I frequently receive emails with questions which seem to vary in content, but essentially come back to the same point. For example:
 - how do the automatic exposure modes work on a specific camera, especially when flash is used ?
 - do I agree that a certain camera model tends to under-expose in matrix metering / evaluative metering when used in Aperture Priority ?
 - can I explain certain inconsistencies when using an auto mode such as Program / Aperture Priority?

Although the questions seemingly vary,  my reply is usually the same – that I don’t know the specific answer. And the reason is that, for the most part, any “answer” here is ultimately not of any consequence to me because … I shoot (nearly) exclusively in manual exposure mode.

If you’re getting great and consistent exposures in one of the auto modes of your camera, then good for you.  But if you’re frustrated by inconsistent exposures, then I do have an answer for you.  (Although it could appear to be tangential to the info and advice that you might have expected.)

The truth is that you’re making it difficult for yourself by shooting with the camera in an auto mode. You see, here’s the contradiction … manual exposure mode with a camera appears to be more difficult than shooting in an auto mode. It just seems simpler to let the camera take care of exposure because the technology is sooooo good.  (And the technology really is fantastic.
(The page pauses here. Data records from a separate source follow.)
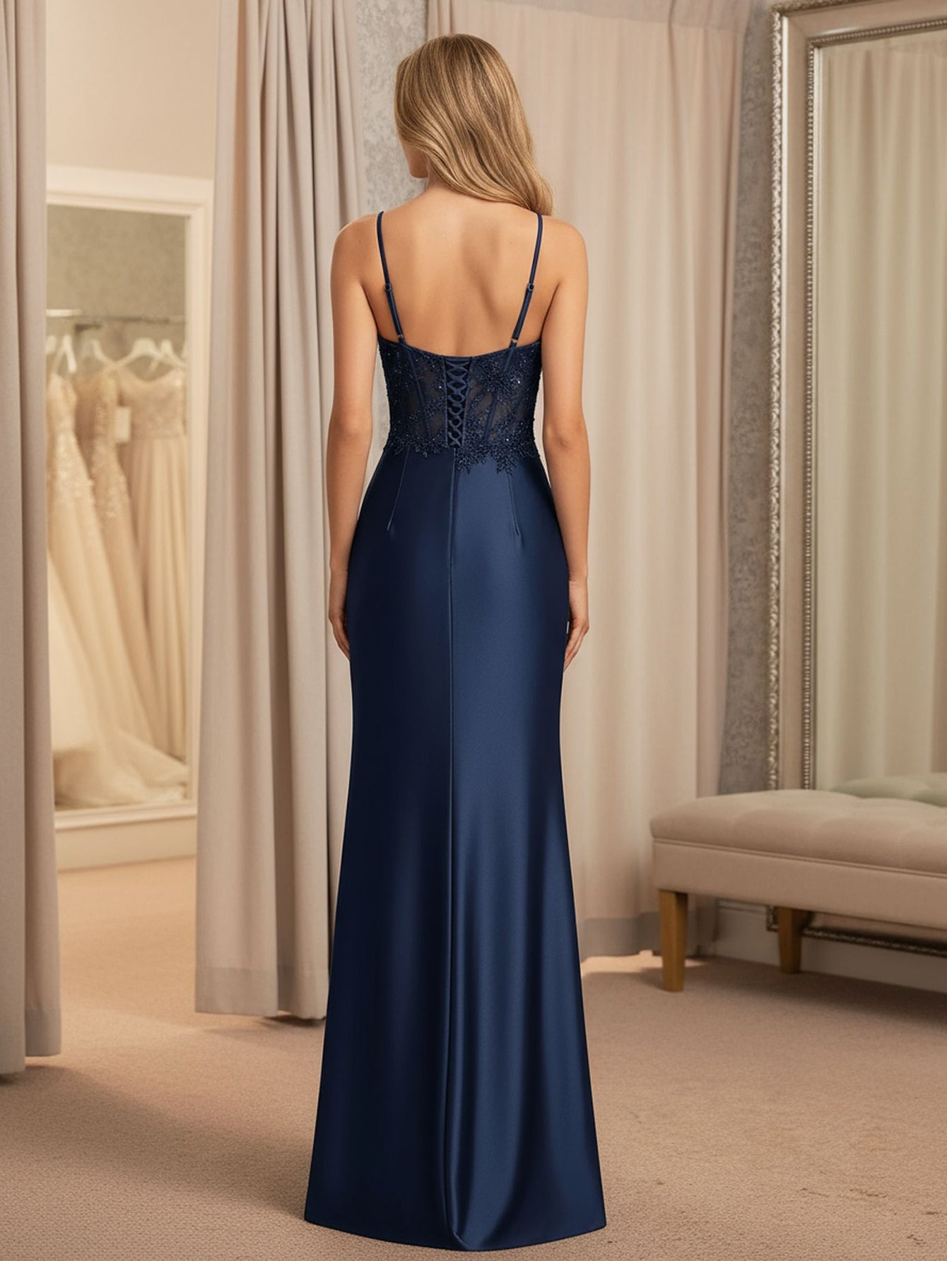 Details: Backless, Lace Embroidery, Split, Ruched, Bodice, Illusion, Twist, Corset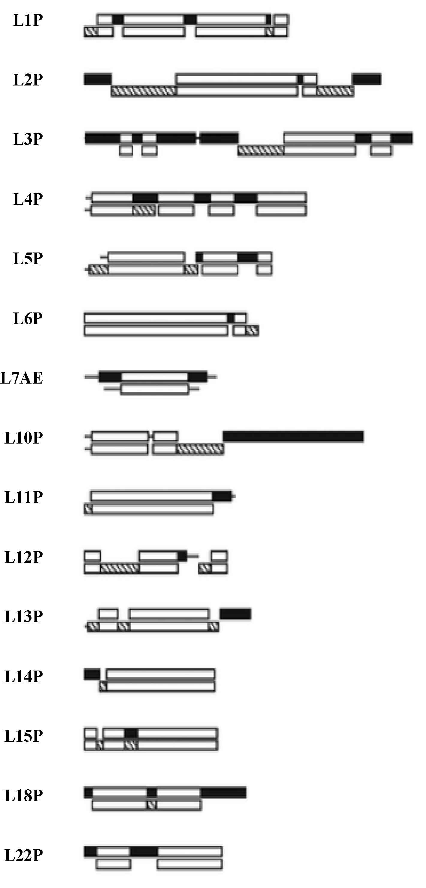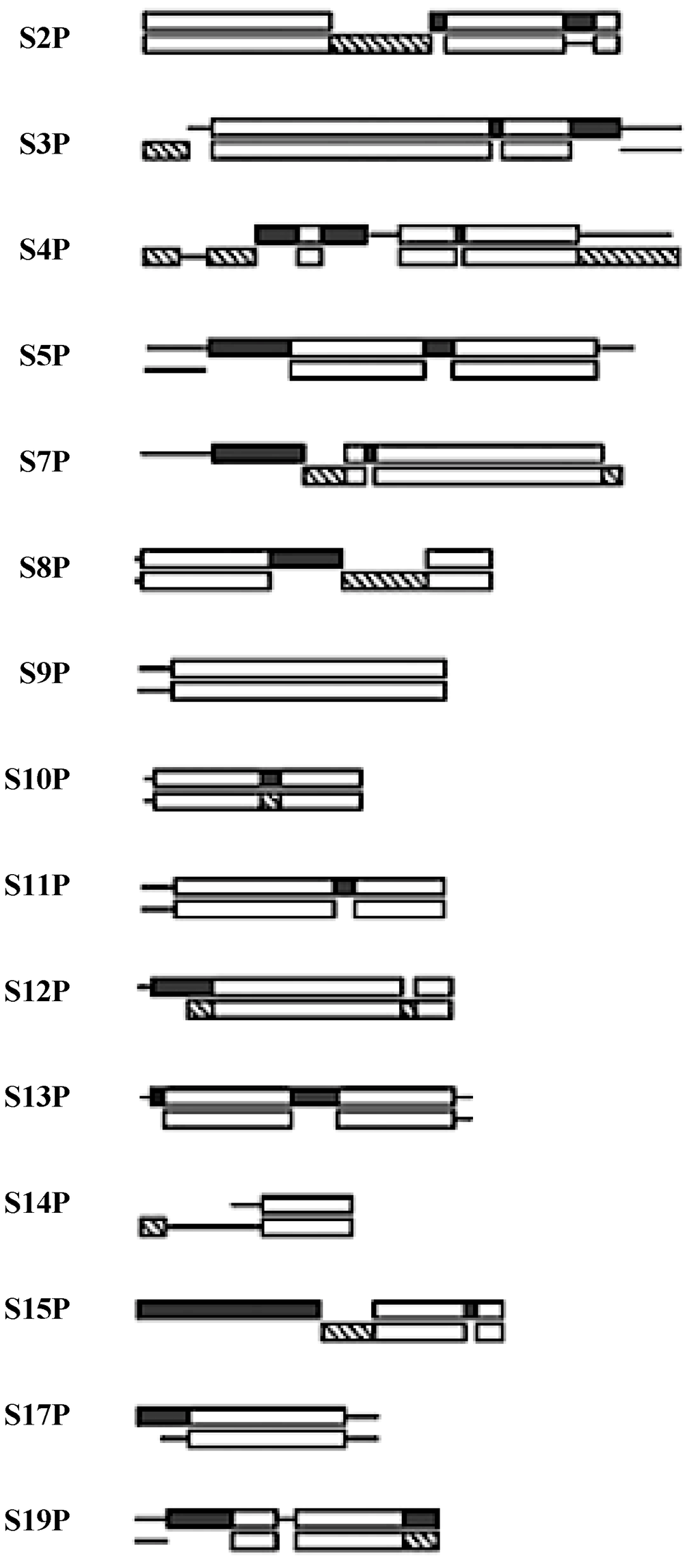 The SSU protein block structure. Universal peptides blocks are in white, the Bacterial blocks (bottom) are in hashed and the Archael (top) blocks in black [21].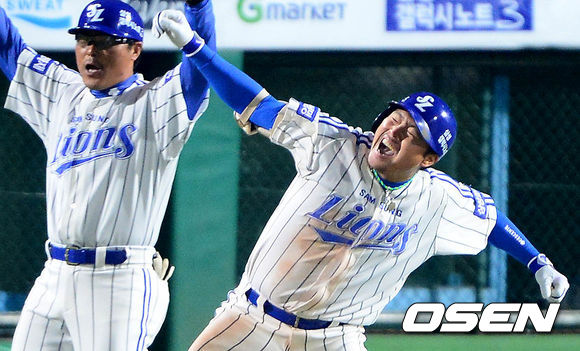 31일 오후 대구구장에서 열린 '2013 한국야쿠르트 세븐 프로야구' 한국시리즈 6차전 삼성 라이온즈와 두산 베어스의 경기 7회말 2사 1,2루 박한이가 스리런포를 치고 환호하고 있다.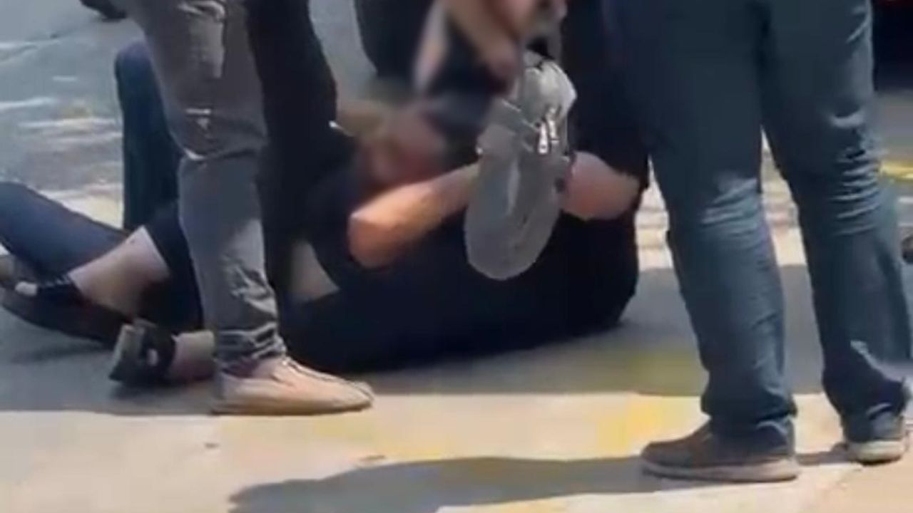 Yiğithan HÜYÜK/BURSA, (DHA)- BURSA'da bir kadın yolda karşılaştığı eski eşini, 'Ailemi dolandırdın' diyerek cadde ortasında yere yatırıp, darbetti. O anlar, çevredekiler tarafından cep telefonuyla görüntülendi.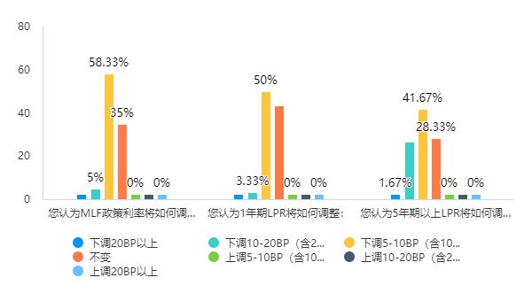 大部分受访者认为今年4季度央行可能降息,58.33%的受访者预计MLF政策利率将下调5-10BP(含10BP),35%的受访者认为将不变。50%的受访者认为1年期LPR利率将下调5-10BP(含10BP)。认为5年期以上LPR利率将下调的受访者也不少,41.67%的受访者认为5年期以上LPR利率将下调5-10BP(含10BP),26.67%的受访者认为5年期以上LPR利率将下调10-20BP(含20BP)。受访的专家76.47%的比例认为5年期以上LPR利率将下调5-10BP(含10BP)。可见大部分专家认为再次降息稳地产的可能性较大。

But there are obvious limitations, and always will be.)

So photographers, whether new or experienced, shoot in an Auto mode, and then at some point come up with a difficult scenario, and now have to second-guess the camera’s auto metering circuitry and the camera’s metering algorithms. And then we’re in a position where manual exposure mode becomes easier AND simpler to use than an auto mode.

In manual exposure mode, if the image is too dark, or too bright, or not enough depth-of-field, or has camera shake, etc … then it is something *I* am doing. With an auto exposure mode, the thinking tends to lean towards “wtf is the camera doing here?” And then having to figure it out.  Which is contrary to the very idea of using an auto exposure mode in the first place — simplicity.
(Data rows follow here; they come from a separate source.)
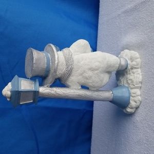 This 8" tall figurine is leaning casually by a vintage styled lamp post. It is in excellent used condition.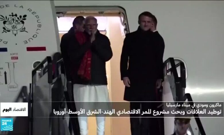 في فقرة الاقتصاد اليوم، نتابع مع وسيم الدالي الرهانات الاقتصادية لزيارة الرئيس الفرنسي إيمانويل ماكرون ورئيس الوزراء الهندي ناريندرا مودي إلى ميناء مارسيليا، وذلك لبحث مشروع الممر الاقتصادي الهند-الشرق الأوسط-أوروبا، زيارة تشمل أيضا إعلانات تخص التعاون الفرنسي الهندي في مجال الطاقة النووية المدنية وتفتح باب المناقشات بشأن التعاون الدفاعي بين البلدين.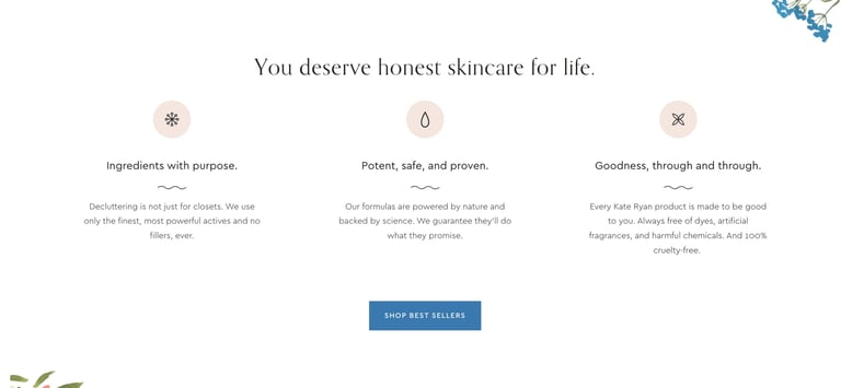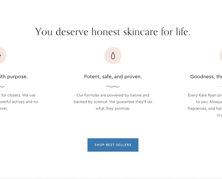 The small batch, natural skincare line Kate Ryan needed a refresh, both for their messaging and their visual identity. Working in tandem with e-commerce design studio Aeolidia, I honed in on a voice that is warm and inviting, all while letting their expertise and quality shine through. Transparency in their ingredients and science-backed formulas were key for this brand rooted in a mission to provide honest skincare for life.

So instead of second-guessing the D-SLR, I use manual exposure mode, and metering now becomes much simpler. If the image is too dark, then you know to adjust a few clicks of the aperture this way, or a few clicks of the shutter dial that-a-way.  So in the end the anguish over what any specific camera is doing in any auto mode under various conditions, becomes immaterial.

Of course, I am talking there only about exposure control with the camera, and not including flash .. since with flash it gets a little more complicated. But only a little. But we’re back to the situation where we make things *more* complicated by shooting with flash while using the camera in an auto metering mode.

Neil.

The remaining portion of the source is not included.